Sales call and customer support transcripts
Your sales people and customer success teams hear the most important questions every single day. The transcripts of these calls and chats are goldmines for content strategy.
Extract them systematically with whatever AI-based transcription tools you prefer. (Bigger companies use an enterprise transcription platform like Gong but there are a ton of free options.)
Turn the customer questions, and your answers, into dedicated FAQs or blog posts. Borrow the phrasing and framing from actual customer transcripts whenever possible. Optimize the new content for LLM search. The next time someone types that question into ChatGPT, your page should be easily cited.
Google Trends is useful, too
It won’t provide more granular data but it can be a quick substitute for that traditional keyword data. And if you’re increasingly using keyword volume to answer basic, directional questions, you can get a lot of directional insights these days from Google Trends.

It has gotten a lot more useful over the past year or so. In the example above, I searched for the term “marketing measurement.”
The “Top queries” column shows the search terms most frequently searched alongside your keyword within the same search session. “Rising queries” column shows the terms with the most significant growth in search volume compared to the previous time period.
So if I cared about marketing measurement I might say, “Oh influencer marketing measurement.
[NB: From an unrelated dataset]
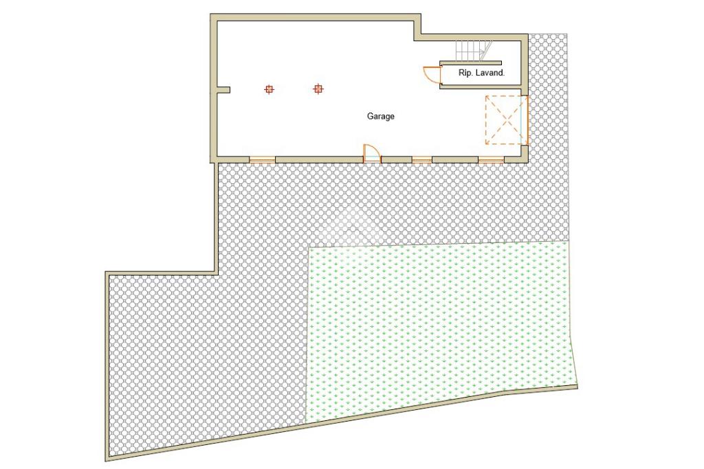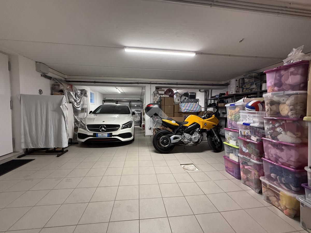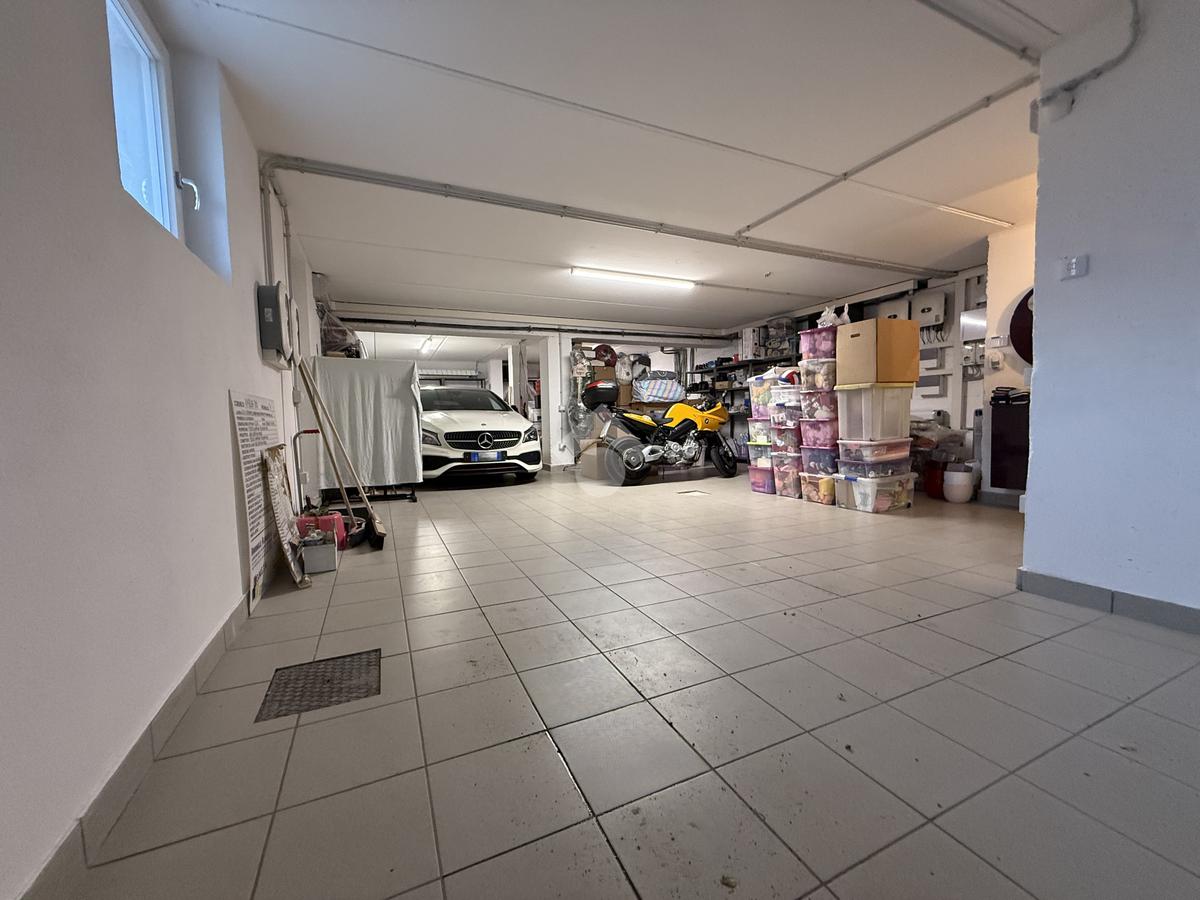 Piano seminterrato: imponente garage finestrato, servito da basculante elettrico e da portoncino blindato. Lo spazio, grazie alle dimensioni generose, si presta non solo al ricovero di più veicoli ma anche come deposito, laboratorio o futura taverna con cucina e camino. Sullo stesso livello sono presenti un locale lavanderia e la scala interna che conduce agli appartamenti superiori.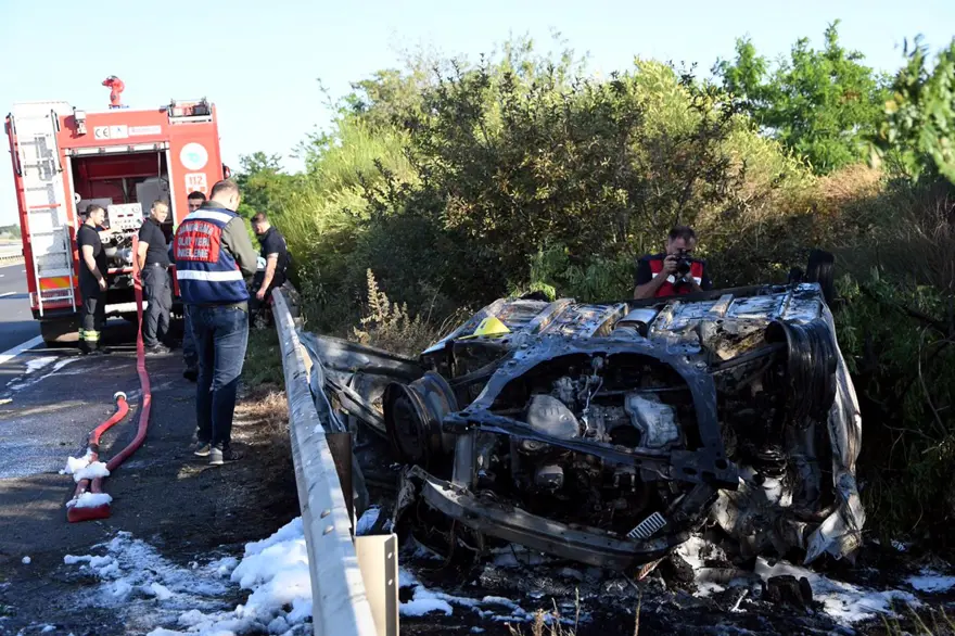Tekirdağ'ın Ergene ilçesi TEM Otoyolu'nda kontrolden çıkarak bariyere çarpan otomobil alev yandı. Kazada sürücü Yusuf Çelik hayatını kaybetti.

Okay there's some other stuff here that's interesting.” This can be really handy for optimizing one-off pieces of content, too – webinar recaps, whitepaper adaptations, stuff like that.
We’re not getting rid of keyword data!
We’re augmenting the role it plays in our strategies. It will remain the foundation of my content strategy plans for the foreseeable future. At the same time, I’m super excited about all the different ways we’re able to supplement that data.
Granular data grows even more important as we scale up content production with LLM technology. If keyword data tells us what to write about, all of this granular data tells us how to write about it. All writers could use that kind of guidance but LLM writers absolutely require it.
At the end of the day, the basic plan for marketers hasn’t changed. We’re still trying to help customers solve their biggest problems. Granular data enables us to be more systematic about it.